++++ The data
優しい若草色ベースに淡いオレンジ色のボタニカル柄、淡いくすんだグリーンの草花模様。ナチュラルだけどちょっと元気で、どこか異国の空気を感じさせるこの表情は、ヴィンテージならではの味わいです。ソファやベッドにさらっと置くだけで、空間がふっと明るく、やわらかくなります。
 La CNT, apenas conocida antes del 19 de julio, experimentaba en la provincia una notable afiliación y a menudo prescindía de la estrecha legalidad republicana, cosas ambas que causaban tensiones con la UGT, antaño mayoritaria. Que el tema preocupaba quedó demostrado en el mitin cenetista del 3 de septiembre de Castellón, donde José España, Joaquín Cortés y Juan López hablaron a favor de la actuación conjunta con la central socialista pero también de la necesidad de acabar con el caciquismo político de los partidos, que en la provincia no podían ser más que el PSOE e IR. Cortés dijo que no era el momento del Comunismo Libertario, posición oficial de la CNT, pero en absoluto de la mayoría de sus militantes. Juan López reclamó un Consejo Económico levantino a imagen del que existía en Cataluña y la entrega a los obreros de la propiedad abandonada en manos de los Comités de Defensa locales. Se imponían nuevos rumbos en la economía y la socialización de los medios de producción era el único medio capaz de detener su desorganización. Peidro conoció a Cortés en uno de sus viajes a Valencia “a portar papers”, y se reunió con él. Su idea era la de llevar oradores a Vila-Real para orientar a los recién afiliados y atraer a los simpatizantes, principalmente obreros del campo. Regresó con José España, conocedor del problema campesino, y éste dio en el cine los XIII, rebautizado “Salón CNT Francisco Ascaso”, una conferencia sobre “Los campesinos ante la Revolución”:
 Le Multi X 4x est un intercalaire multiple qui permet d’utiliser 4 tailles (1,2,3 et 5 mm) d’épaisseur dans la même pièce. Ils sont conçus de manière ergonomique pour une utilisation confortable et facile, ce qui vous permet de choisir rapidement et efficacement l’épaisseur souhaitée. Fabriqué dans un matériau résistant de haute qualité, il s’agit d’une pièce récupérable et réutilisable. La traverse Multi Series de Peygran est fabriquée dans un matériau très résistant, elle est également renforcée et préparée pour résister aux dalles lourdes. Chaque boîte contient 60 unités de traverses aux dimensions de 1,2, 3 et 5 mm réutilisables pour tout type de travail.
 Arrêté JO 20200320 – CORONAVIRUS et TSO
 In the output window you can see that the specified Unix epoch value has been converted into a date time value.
++++++++
++++ The data
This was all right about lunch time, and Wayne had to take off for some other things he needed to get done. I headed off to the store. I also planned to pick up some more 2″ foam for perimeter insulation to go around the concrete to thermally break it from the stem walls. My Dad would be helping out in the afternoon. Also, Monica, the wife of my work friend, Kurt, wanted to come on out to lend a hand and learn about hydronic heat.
++++++++
++++ The data
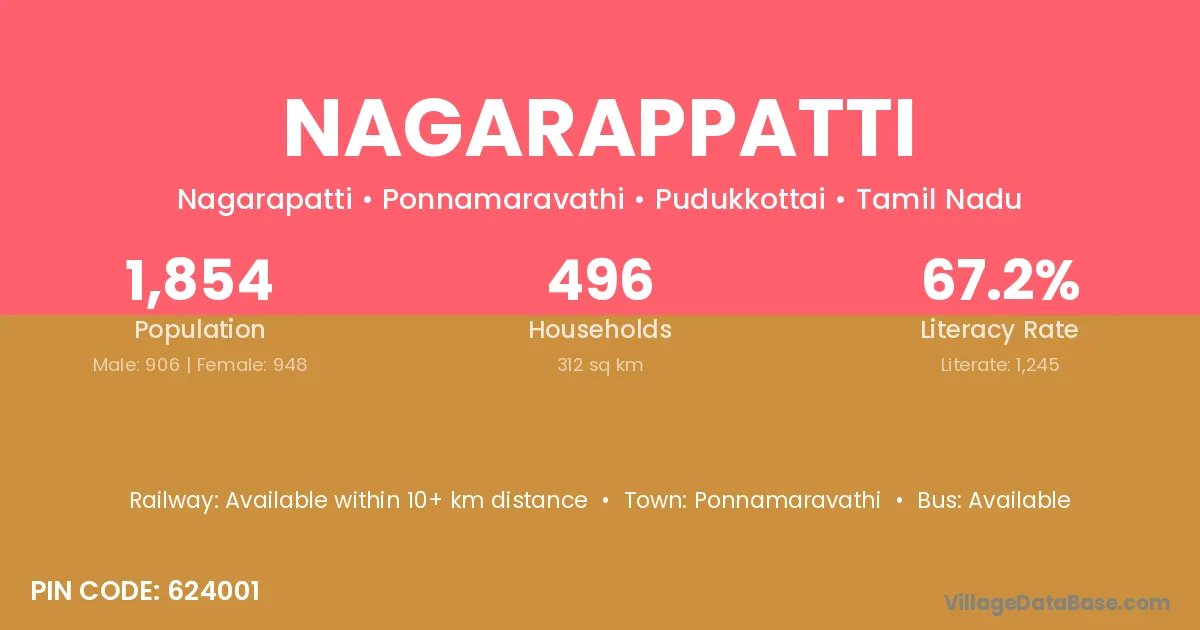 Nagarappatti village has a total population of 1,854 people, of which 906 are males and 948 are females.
++++++++
What the task asks.
Everything above from the line containing "Arrêté JO 20200320 – CORONAVIRUS et TSO" through the line containing "In the output" must be copied exactly. Nothing outside that range belongs in the answer.

Answer for the task.
 Arrêté JO 20200320 – CORONAVIRUS et TSO
 In the output window you can see that the specified Unix epoch value has been converted into a date time value.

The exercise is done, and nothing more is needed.